И те, кто ищет в кино легких и однозначных ответов пусть сначала найдут их в жизни или в своих собственных отношениях. Я с легким сердцем рекомендую эту картину всем, кому за тридцать, за сорок или за пятьдесят - картина будет, мне кажется, хороша всем. Не зря Жюльетт Бинош получила приз в Каннах за лучшую женскую роль в прошлом году. По-моему, это единственная награда фильма. Боюсь, что персидская мудрость Аббаса Киаростами оказалась слишком сложной для западных коллег.

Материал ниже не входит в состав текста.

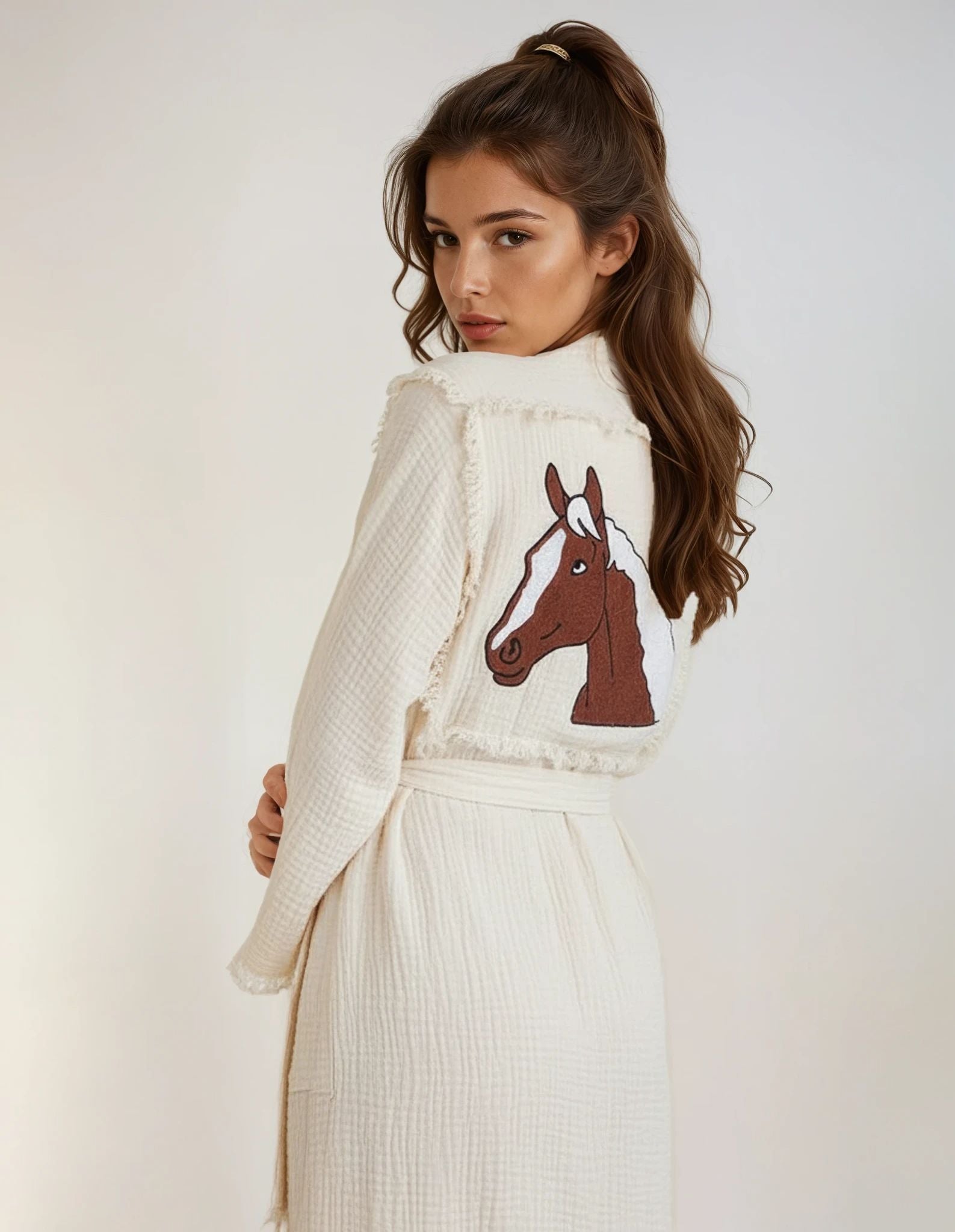 Aria Off-White Handmade Cotton Evil Eye Kimono Robe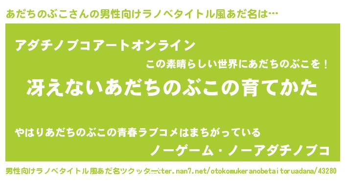 あだちのぶこさんの男性向けラノベタイトル風あだ名をツクッター!

Александр Генис: Бинош не первый раз играет в таких головоломных фильмах. Я впервые ее увидел в картине Кислевского. Но как Киаростами перенес пересадку в Европу, на совсем другой кинематограф? Он всегда говорил, что цензура в Иране так сильна, что она заставляет художника, особенно кинематографиста, быть очень изощренным, ведь там даже нельзя показывать женские волосы, мужчина не должен касаться женщины, даже если это его жена, там существует огромное количество запретов. И вот Киаростами на свободе, он может снимать, что хочет. Насколько эта свобода подействовала на его кинематографическую технику, на его мастерство?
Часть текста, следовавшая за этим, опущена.